Neural Control of Visual Search by Frontal Eye Field: Effects of Unexpected Target Displacement on Visual Selection and Saccade Preparation

Aditya Murthy1, Supriya Ray2, Stephanie M Shorter3, Jeffrey D Schall2*, and Kirk G. Thompson4

1 National Brain Research Centre
2 Vanderbilt University
3 Vanderbilt Vision Research Center, Center for Integrative and Cognitive Neuroscience,Vanderbilt University, Wilson Hall
4 National Eye Institute

* To whom correspondence should be addressed. E-mail: jeffrey.d.schall{at}vanderbilt.edu.

The dynamics of visual selection and saccade preparation by the frontal eye field was investigated in macaque monkeys performing a search-step task combining the classic double-step saccade task with visual search. Reward was earned for producing a saccade to a color singleton. On random trials the target and one distractor swapped locations before the saccade, and monkeys were rewarded for shifting gaze to the new singleton location. A race model accounts for the probabilities and latencies of saccades to the initial and final singleton locations and provides a measure of the duration of a covert compensation process, target step reaction time. When the target stepped out of a movement field, noncompensated saccades to the original location were produced when movement-related activity grew rapidly to a threshold.

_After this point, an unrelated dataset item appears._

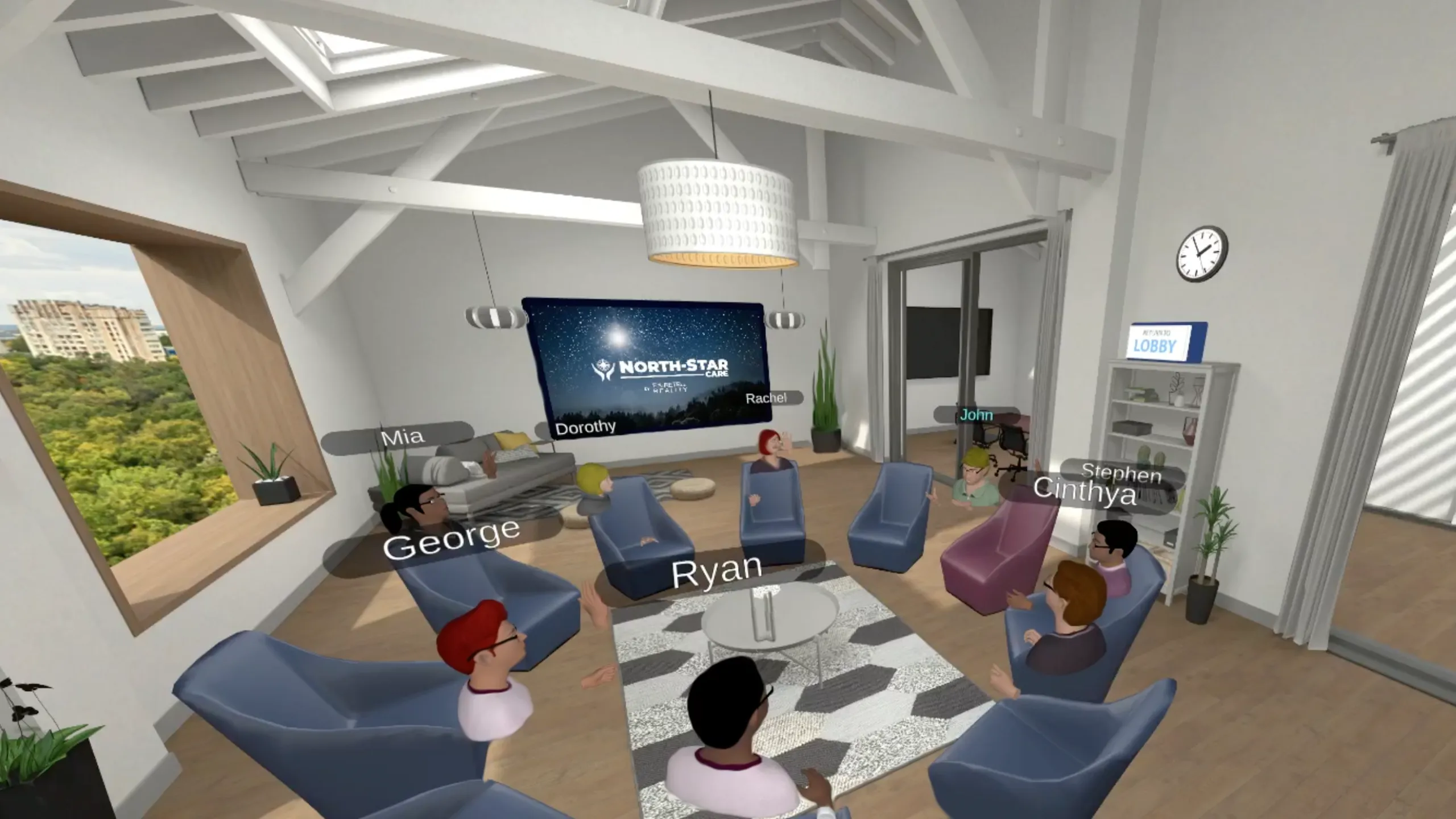 NorthStar Care VRアプリケーションは、グループディスカッション、ヨガ、瞑想、その他のマインドフルネス実践といった支援的な活動を通じて、判断力なく人間のつながりを育む安全なピア交流を可能にします。

Compensated saccades to the final location were produced when the growth of the original movement-related activity was interrupted within target step reaction time and was replaced by activation of other neurons producing the compensated saccade. When the target stepped into a receptive field, visual neurons selected the new target location regardless of the monkeys' response. When the target stepped out of a receptive field most visual neurons maintained the representation of the original target location, but a minority of visual neurons showed reduced activity. Chronometric analyses of the neural responses to the target step revealed that the modulation of visually-responsive neurons and movement-related neurons occurred early enough to shift attention and saccade preparation from the old to the new target location. These findings indicate that visual activity in the frontal eye field signals the location of targets for orienting while movement-related activity instantiates saccade preparation.